Saved entries:
════════════════

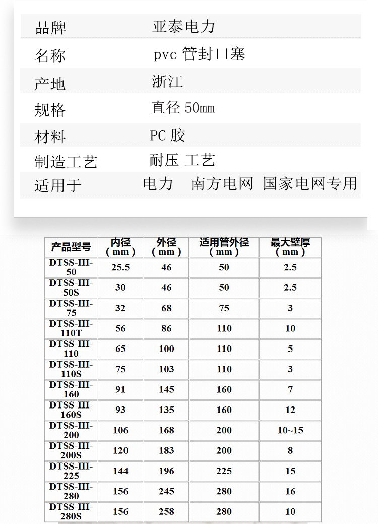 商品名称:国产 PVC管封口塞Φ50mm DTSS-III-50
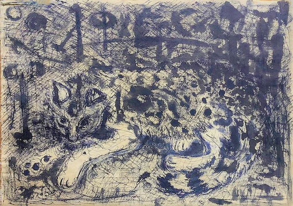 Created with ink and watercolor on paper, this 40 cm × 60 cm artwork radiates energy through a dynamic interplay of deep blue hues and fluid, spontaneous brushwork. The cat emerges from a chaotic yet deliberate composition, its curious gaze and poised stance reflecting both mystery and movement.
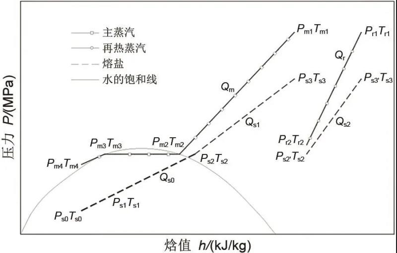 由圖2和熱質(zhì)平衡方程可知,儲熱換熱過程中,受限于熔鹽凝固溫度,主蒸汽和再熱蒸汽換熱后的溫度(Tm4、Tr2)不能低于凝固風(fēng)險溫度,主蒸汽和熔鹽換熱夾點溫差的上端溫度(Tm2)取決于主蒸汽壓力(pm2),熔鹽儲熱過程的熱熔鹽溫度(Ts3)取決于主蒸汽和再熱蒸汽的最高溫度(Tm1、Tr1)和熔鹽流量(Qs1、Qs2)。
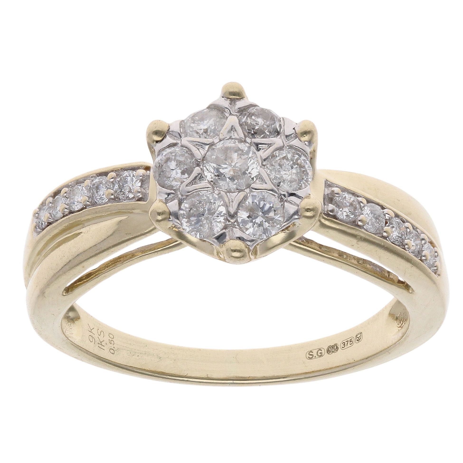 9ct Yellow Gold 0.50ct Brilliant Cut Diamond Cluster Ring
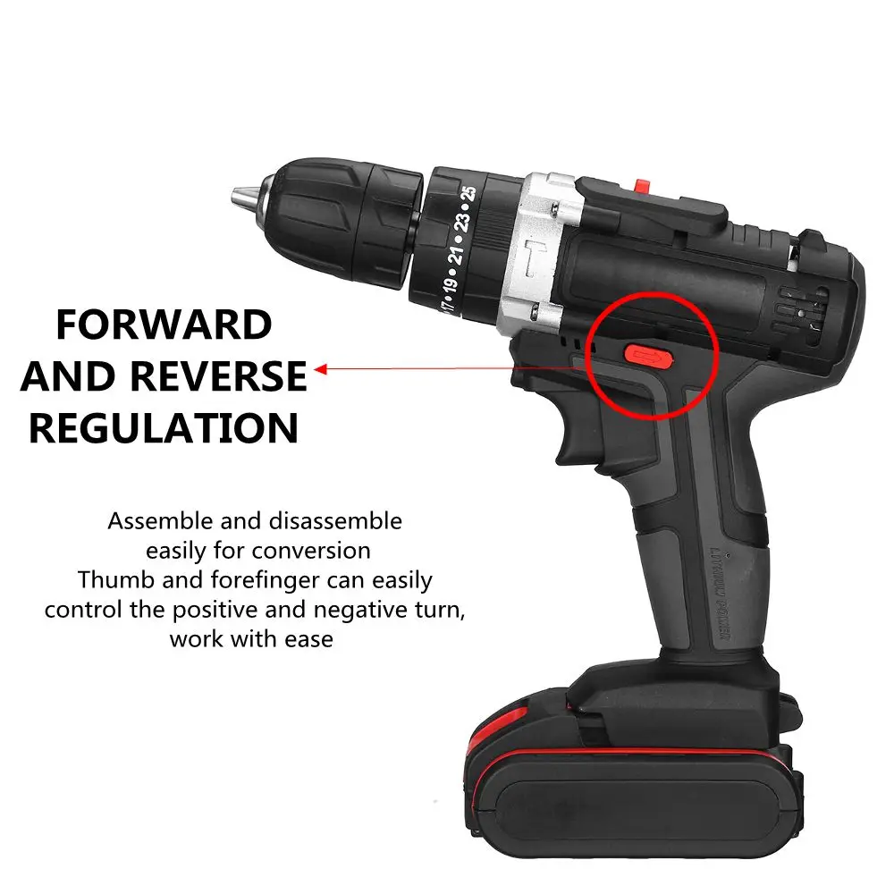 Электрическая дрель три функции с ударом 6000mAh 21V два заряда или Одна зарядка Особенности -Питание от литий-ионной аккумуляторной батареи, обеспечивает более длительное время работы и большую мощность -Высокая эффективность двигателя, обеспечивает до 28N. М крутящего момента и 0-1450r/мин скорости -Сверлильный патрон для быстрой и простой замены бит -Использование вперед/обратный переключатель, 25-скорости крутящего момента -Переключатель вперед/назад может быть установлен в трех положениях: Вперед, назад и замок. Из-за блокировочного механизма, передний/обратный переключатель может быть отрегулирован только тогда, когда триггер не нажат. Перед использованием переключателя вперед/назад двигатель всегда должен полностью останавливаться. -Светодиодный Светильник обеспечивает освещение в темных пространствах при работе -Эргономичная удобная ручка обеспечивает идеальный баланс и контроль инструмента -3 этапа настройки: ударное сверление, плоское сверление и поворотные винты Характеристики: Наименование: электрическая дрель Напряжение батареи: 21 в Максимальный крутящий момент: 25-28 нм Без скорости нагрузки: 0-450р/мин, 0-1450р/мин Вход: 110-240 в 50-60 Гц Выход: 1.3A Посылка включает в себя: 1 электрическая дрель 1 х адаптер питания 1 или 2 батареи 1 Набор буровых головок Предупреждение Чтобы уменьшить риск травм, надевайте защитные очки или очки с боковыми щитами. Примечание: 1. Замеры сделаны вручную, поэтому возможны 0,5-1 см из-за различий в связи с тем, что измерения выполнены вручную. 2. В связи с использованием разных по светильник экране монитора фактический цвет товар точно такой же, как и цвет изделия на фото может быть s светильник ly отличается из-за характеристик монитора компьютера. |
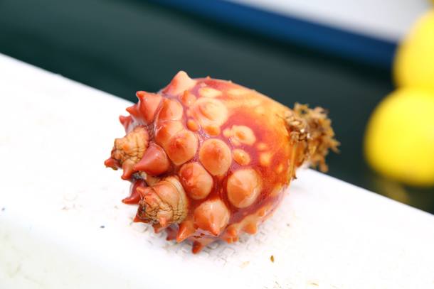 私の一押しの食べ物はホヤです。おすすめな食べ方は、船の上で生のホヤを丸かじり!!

════════════════

No pictures should appear; only the lines from the first line of the records through the line with "9ct Yellow Gold", both included, are to be restated word for word.

 商品名称:国产 PVC管封口塞Φ50mm DTSS-III-50
 Created with ink and watercolor on paper, this 40 cm × 60 cm artwork radiates energy through a dynamic interplay of deep blue hues and fluid, spontaneous brushwork. The cat emerges from a chaotic yet deliberate composition, its curious gaze and poised stance reflecting both mystery and movement.
 由圖2和熱質(zhì)平衡方程可知,儲熱換熱過程中,受限于熔鹽凝固溫度,主蒸汽和再熱蒸汽換熱后的溫度(Tm4、Tr2)不能低于凝固風(fēng)險溫度,主蒸汽和熔鹽換熱夾點溫差的上端溫度(Tm2)取決于主蒸汽壓力(pm2),熔鹽儲熱過程的熱熔鹽溫度(Ts3)取決于主蒸汽和再熱蒸汽的最高溫度(Tm1、Tr1)和熔鹽流量(Qs1、Qs2)。
 9ct Yellow Gold 0.50ct Brilliant Cut Diamond Cluster Ring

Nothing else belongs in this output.